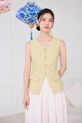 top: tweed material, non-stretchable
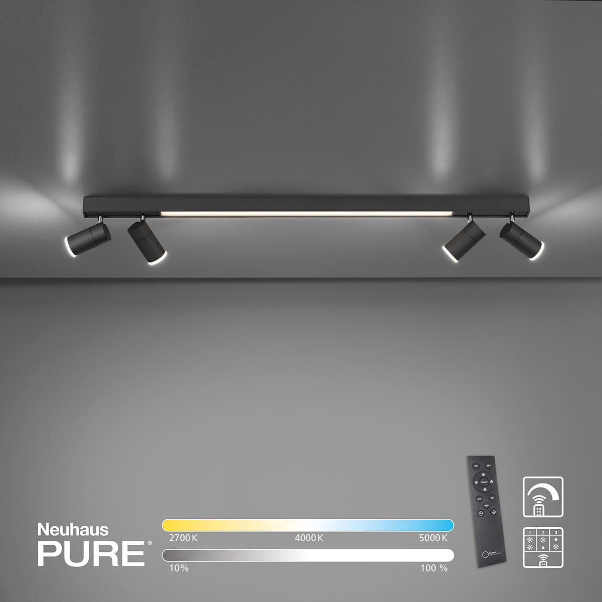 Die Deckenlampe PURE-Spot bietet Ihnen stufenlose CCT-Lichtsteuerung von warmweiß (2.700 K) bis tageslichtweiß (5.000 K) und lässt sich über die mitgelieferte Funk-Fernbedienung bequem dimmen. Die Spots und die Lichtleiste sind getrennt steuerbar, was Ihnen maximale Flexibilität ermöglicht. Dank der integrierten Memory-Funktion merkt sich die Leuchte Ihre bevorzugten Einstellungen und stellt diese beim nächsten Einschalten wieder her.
______
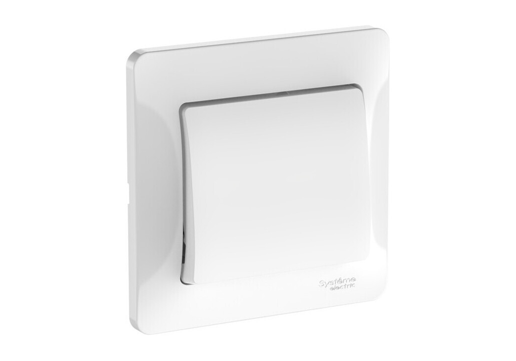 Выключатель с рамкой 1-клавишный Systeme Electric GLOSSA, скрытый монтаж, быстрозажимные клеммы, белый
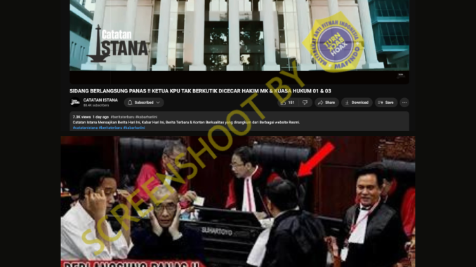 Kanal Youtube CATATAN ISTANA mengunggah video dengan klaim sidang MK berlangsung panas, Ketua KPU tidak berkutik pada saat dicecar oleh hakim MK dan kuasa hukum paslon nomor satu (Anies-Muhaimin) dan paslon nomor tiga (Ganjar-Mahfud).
______
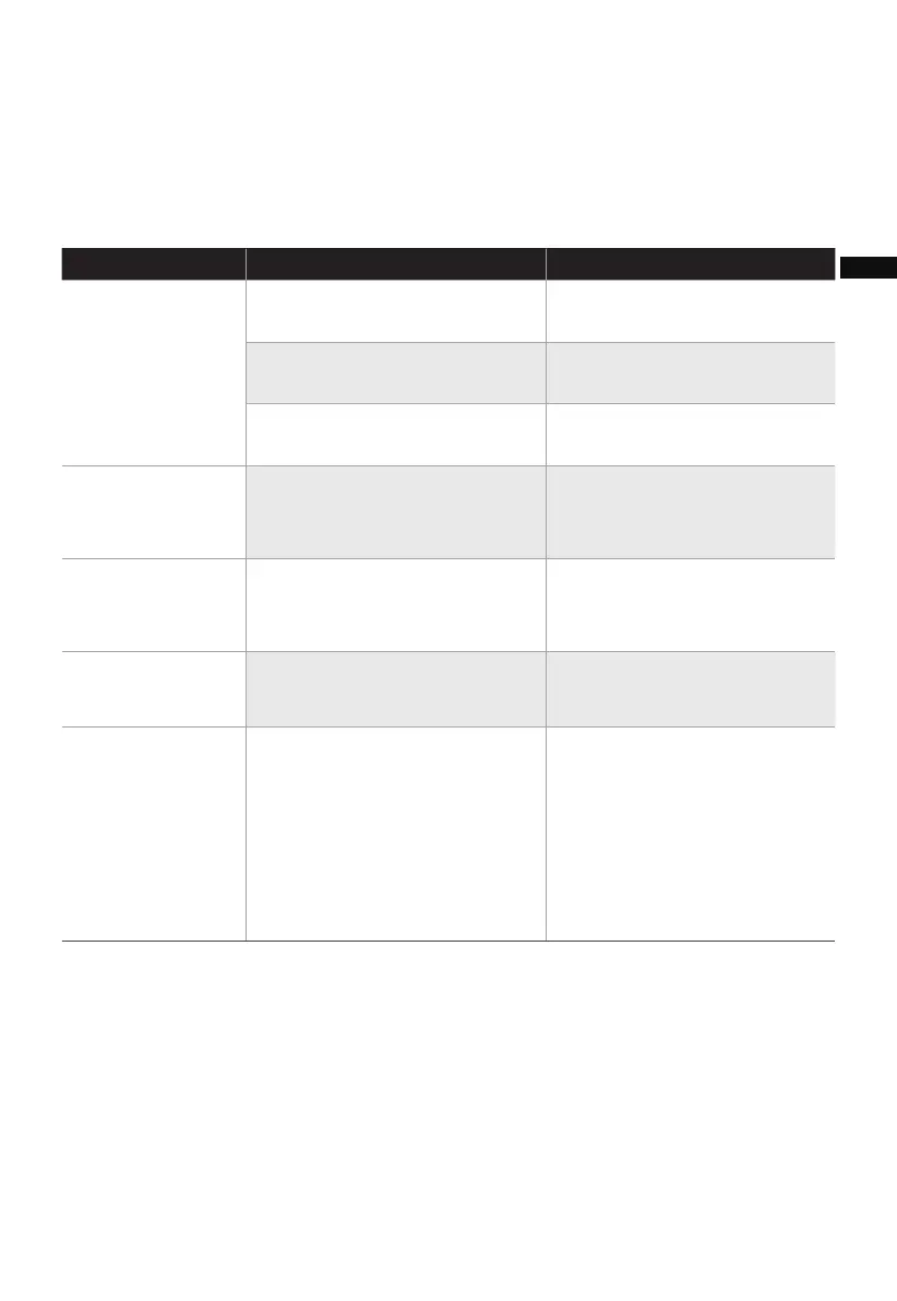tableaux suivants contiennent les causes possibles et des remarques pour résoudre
______
▸ **EXERCISE AIM**
From the line holding "Выключатель с рамкой" to the line holding "Kanal Youtube CATATAN", both included, retype the entries above exactly and drop the pictures.

▸ **RESPONSE AREA**
 Выключатель с рамкой 1-клавишный Systeme Electric GLOSSA, скрытый монтаж, быстрозажимные клеммы, белый
 Kanal Youtube CATATAN ISTANA mengunggah video dengan klaim sidang MK berlangsung panas, Ketua KPU tidak berkutik pada saat dicecar oleh hakim MK dan kuasa hukum paslon nomor satu (Anies-Muhaimin) dan paslon nomor tiga (Ganjar-Mahfud).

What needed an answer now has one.